The second fixing pin P2 is inserted into the fixing pin insertion hole of the upper fixing pin insertion hole H2 and the sub-vertical support when additionally inserting another sub-vertical support into the upper vertical support 113. The support can be fixed.

The control motor 120 may be fixed to the vertical support 110 in combination. The control motor 120 may be coupled to an upper side of the vertical support 110 located in the center of the vertical support 110 of the edge. The control motor 120 may rotate the control shaft 140 by the amount of rotation according to the operation signal received from the controller 180, the amount of rotation (tilting angle of the solar module), and the like. The control motor 120 is preferably provided with one in order to tilt the entire photovoltaic module 170 by one control. However, when a large capacity is required because the number of the photovoltaic modules 170 is large, two or more may be used. .

The motor pedestal 121 supports the control motor 120, one side of which may be coupled to the vertical support 110 and fixedly support the control motor 120 on an upper surface thereof.

The control shaft support unit 130 may rotatably support the control shaft 140 and may be embedded through the control shaft 140 or may support the control shaft 140 to be opened upward. The control shaft support 130 may be fixed to the upper side of the vertical support 110. The control shaft support unit 130 may include a plurality, in which case it may be arranged in a first direction, that is, in the longitudinal direction of the control shaft 140.

The support part supporter 131 supports the control shaft support part 130, one side thereof is coupled to the vertical support part 110, and the support shaft support part 130 may be fixedly supported on the upper surface thereof.

The control shaft 140 may be coupled to the control shaft support 130 in a first direction, that is, in a direction in which the control shaft support 130 is arranged. One end of the control shaft 140 may be coupled to the control motor 120 to rotate together with the rotation of the control motor 120. The control shaft 140 may be configured in the form of a bar.

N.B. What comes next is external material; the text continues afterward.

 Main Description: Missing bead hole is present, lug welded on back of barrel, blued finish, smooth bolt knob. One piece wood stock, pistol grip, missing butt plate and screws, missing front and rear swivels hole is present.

The module shaft support unit 150 may rotatably support the module shaft 160. The module shaft support unit 150 may penetrate through the module shaft 160 or support the module shaft 160 to be opened upward. Module shaft support 150 may be coupled to the top of the vertical support (110). The module shaft support part 150 may include a plurality, and in this case, the module shaft support part 150 may be arranged in a second direction, that is, a direction perpendicular to the longitudinal direction of the control shaft 140. The module shaft support 150 may be coupled to the upper end of the vertical support 110 by welding or the like.

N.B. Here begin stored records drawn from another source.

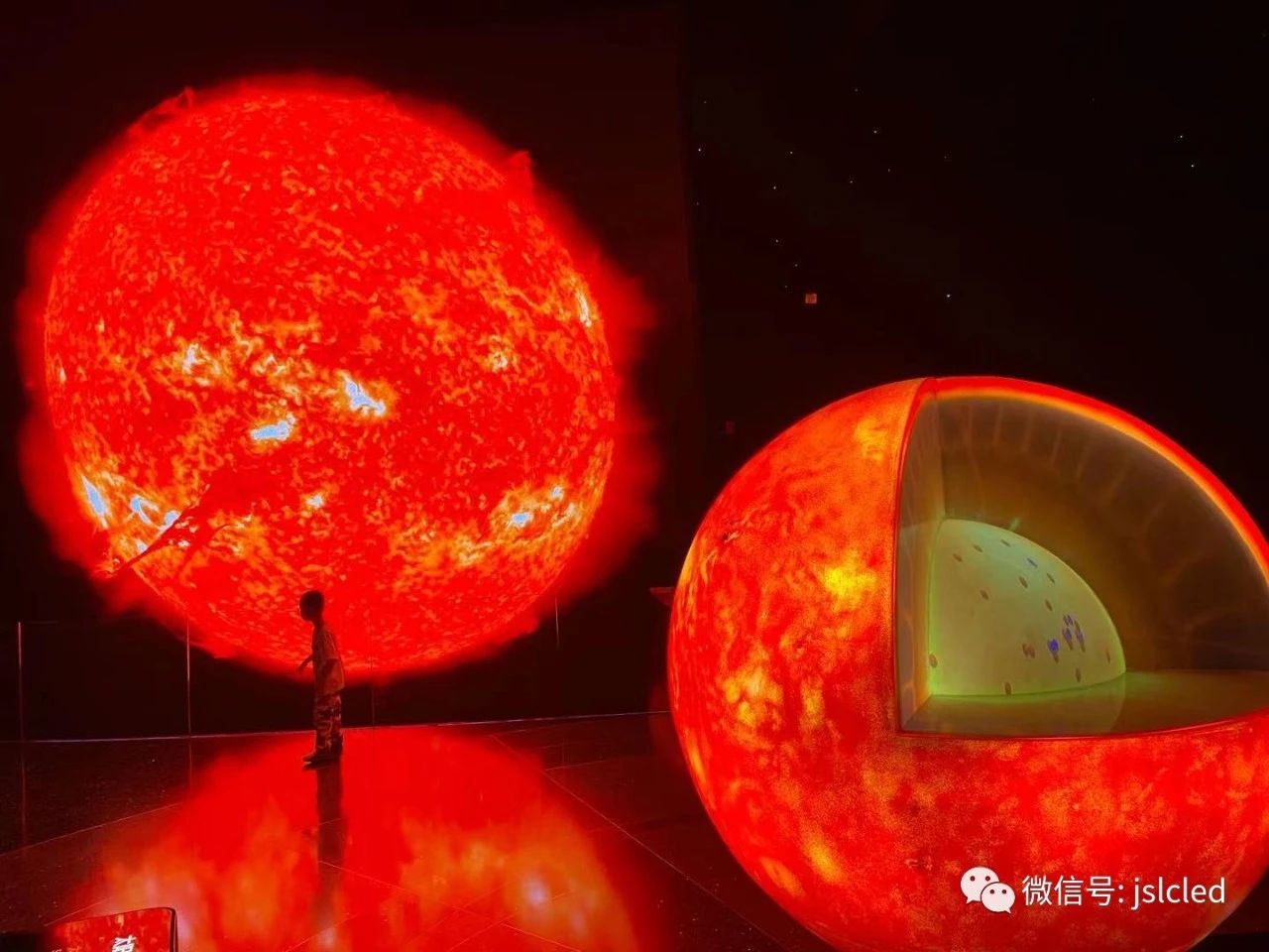 江蘇亮彩憑借豐富的項目經驗及過硬的產品品質,獲得了參與上海天文館的大屏建設機會,為場館承制了兩塊LED顯示屏,分別是“家園”主題展區內太陽屏和拱形屏
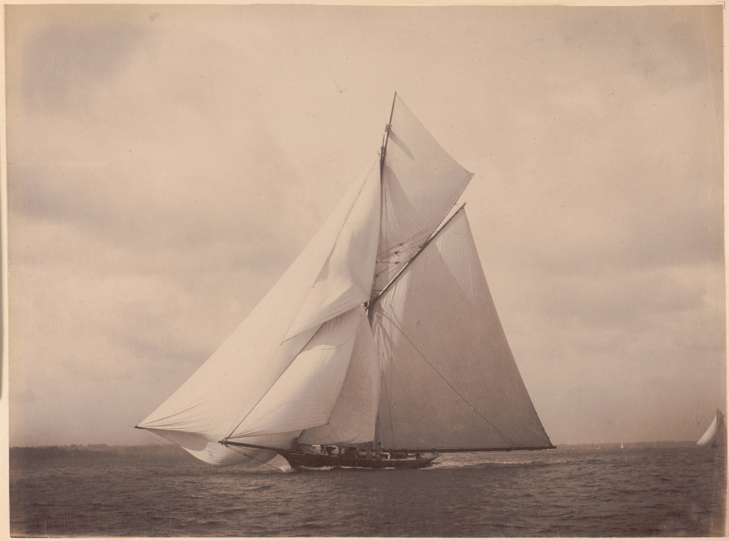 dodatkowego bomu, data: 1880 - 1897, miejsce: , typ obiektu: , wymiary21,4 x 29, opis: Akwen wodny, na pierwszym planie kuter gaflowy widziany od dziobu i lewej burty; ma rozwinięty takielunek; bomy wysunięte poza obie burty;
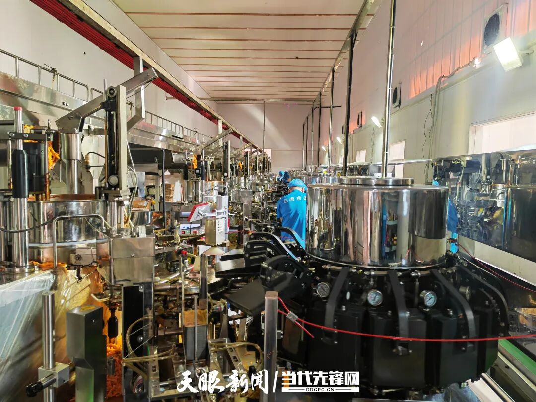 在安顺市平坝区夏云工业园区贵州益康食品有限公司加工厂房内,3套生产设备、12台包装机昼夜运转,50余名工人轮班工作全力抢抓时间,满负荷生产完成订单任务。

The module shaft 160 may be coupled to the module shaft support part 150 in a second direction, that is, in a direction in which the module shaft support part 150 is arranged. One side of the module shaft 160 may be coupled to the control shaft 140 to rotate together with the rotation of the control shaft 140. The module shaft 160 may be configured in the form of a bar.

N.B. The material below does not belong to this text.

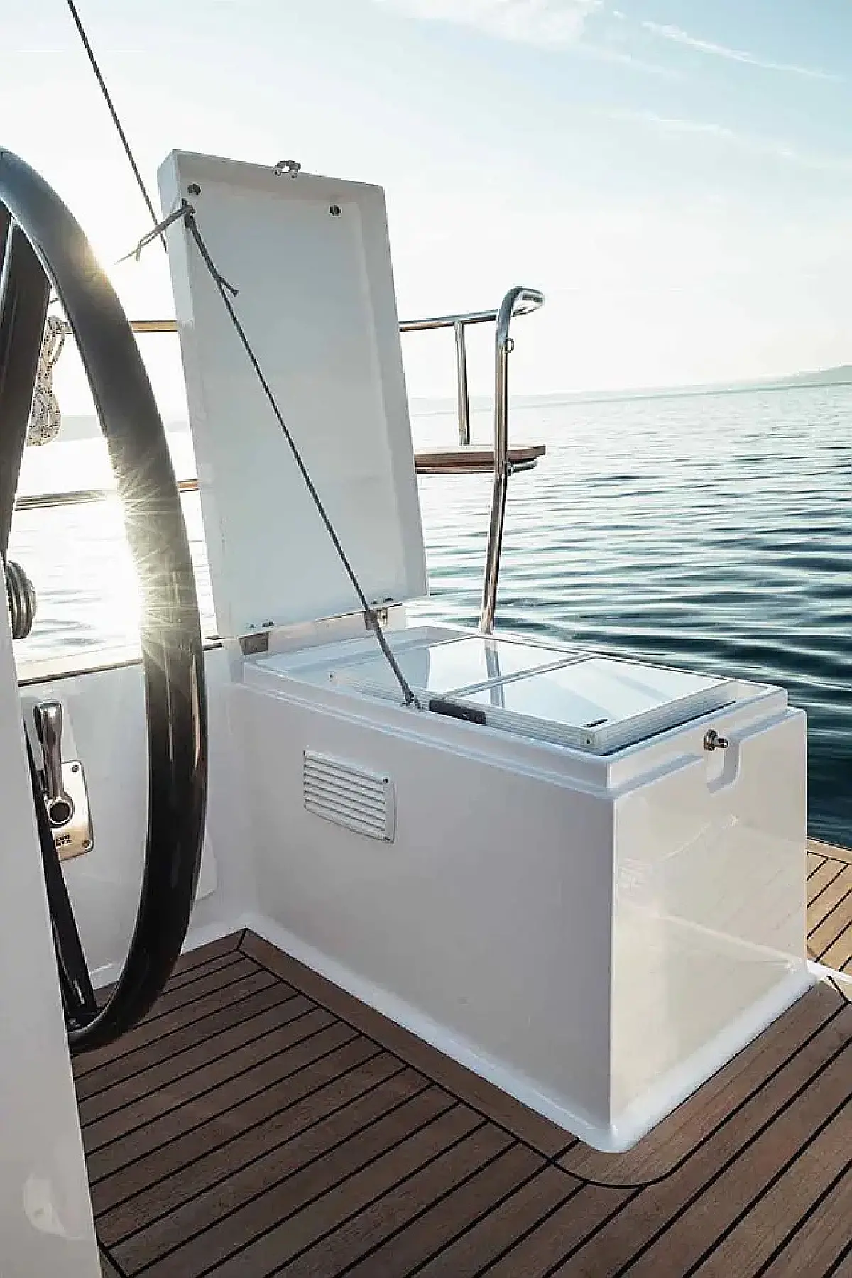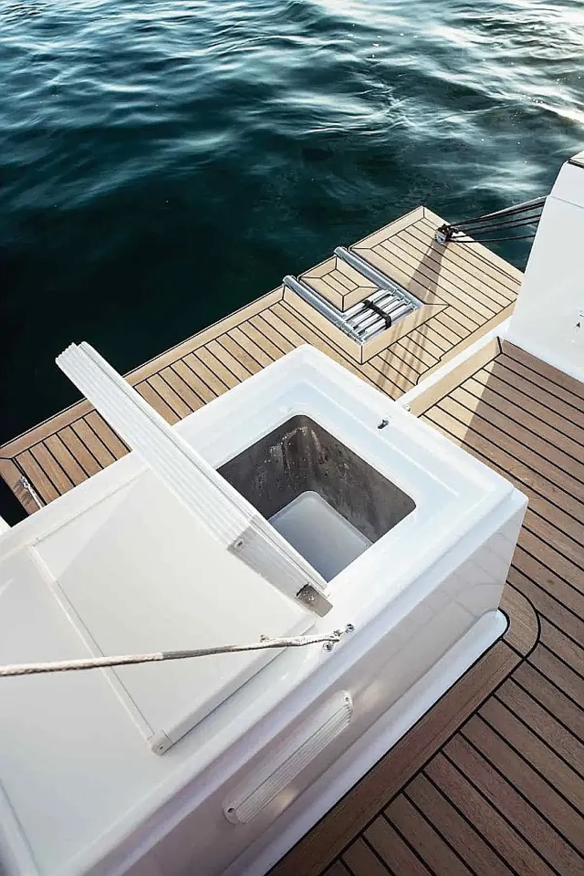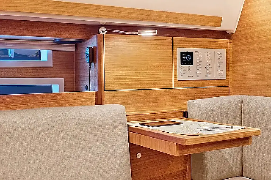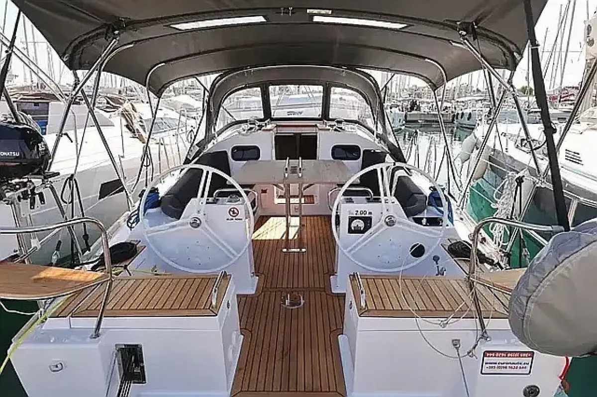 Swimming platform , Bimini , Cockpit cushions , Cockpit speakers , Dinghy , Refrigerator , Electric toilet , Heating , Holding tank , Inverter , Sprayhood , Teak Cockpit , Wi-Fi & Internet

The solar module 170 is fixedly coupled to the module shaft 160, and may be tilted according to the rotation of the module shaft 160. The solar module 170 may be configured by connecting a plurality of solar cells. Solar cells can generate electricity using the photoelectric effect. The basic unit of a solar cell is a cell, which is easily broken and used in a module form. The solar module 170 may be coupled to and supported by the support device. In this case, the photovoltaic module 170 may be fixedly coupled to the module shaft 160 via a support device.

The controller 180 may operate the control motor 120 to tilt the solar module 170 at a predetermined angle.

The farm-type photovoltaic power generation system of the present invention may include a database for storing the required amount of sunshine according to the growth time of the crop. The database may divide the growth period into month / day units and match and store the amount of sunshine required to correspond to each month / day. The database may store the required amount of sunshine for one crop, but if it is possible to grow different crops at different times in the same place, the required amount of sunshine for each crop may be stored.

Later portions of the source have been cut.